Wall Street Woes Inspire a New Wave of Lawsuits
Submitted by: Ted Allen, Publications
The recent upheaval in the U.S. financial industry has generated another flurry of securities class-action lawsuits.
During September, investors in 26 companies filed new federal lawsuits, according to RiskMetrics Group’s Securities Class Action Services data as of Sept. 26. In addition, there were nine new cases brought in state courts. The volume of federal filings exceeds the 20 investor cases filed in September 2007, which was soon after the collapse of the subprime mortgage market. (Editor’s note: This data doesn’t include lawsuits filed by the Securities and Exchange Commission.) Even before this latest wave of lawsuits, federal case filings were on pace this year to surpass historical averages, largely because of the continuing investor losses caused by the credit crisis.
The pace of filings began to pick up after the U.S. government took over mortgage giants Freddie Mac and Fannie Mae on Sept. 7. The next day, investors sued Fannie Mae and its officers, alleging that they made “materially false and misleading statements” about the firm’s business and prospects and misrepresented the company’s financial statements.
Investors also filed a separate lawsuit against the five underwriters who participated in Fannie Mae’s $2 billion preferred stock offering in May. The defendants in that case include Merrill Lynch, Citigroup, Morgan Stanley, UBS Securities, Wachovia Capital Markets, and four senior executives of Fannie Mae. Likewise, Citigroup, Goldman Sachs, and JPMorgan Chase were sued by Freddie Mac investors over a $6 billion preferred stock offering in November 2007.
After Lehman Bros. filed for bankruptcy protection on Sept. 15, holders of the company’s preferred “Series J” stock sued senior Lehman executives and the six investment banks that underwrote that offering. That suit contends that the prospectus for the February offering contained “material misstatements and omissions.”
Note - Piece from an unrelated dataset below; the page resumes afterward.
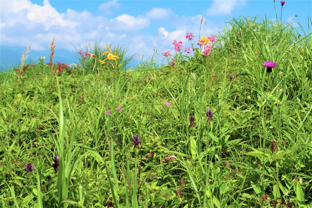 飯盛山のすぐ隣に位置する山です。山頂直下にはカラフルなお花畑が広がり、カメラを向ける人も多く見受けられました。

In addition, Constellation Energy was sued on Sept. 22 by investors whose shares plunged over concern that the company’s energy trading operations would be hampered by Lehman’s bankruptcy.
Another casualty of Lehman’s bankruptcy was Reserve Management’s “Primary Fund” The money-market fund was hit with multiple lawsuits after its holdings of $785 million in unsecured Lehman debt became virtually worthless after the investment bank’s bankruptcy filing. According to Business Week, the case appears to the first time that investors have sued a money-market fund manager for allowing assets to fall below $1 for each dollar put in. Ameriprise Financial also has sued, alleging the fund managers tipped off favored institutional clients about the fund’s troubles before Ameriprise’s retail brokerage customers could pull their money out.
Other financial firms facing new suits include: Canadian Imperial Bank of Commerce (over disclosure on its exposure to U.S. subprime mortgages); BankUnited (over disclosure of its mortgage lending practices); Northern Trust (auction rate securities); and State Street Global Advisors (investors in the firm’s “Intermediate Fund” contend that State Street failed to fully disclose the fund’s mortgage investments).
As usual, investors have continued to sue non-financial firms over significant share declines. Among the companies to be hit with recent lawsuits are Carter’s, Oshkosh, Spectranetics, Hansen Natural, and NextWave Wireless.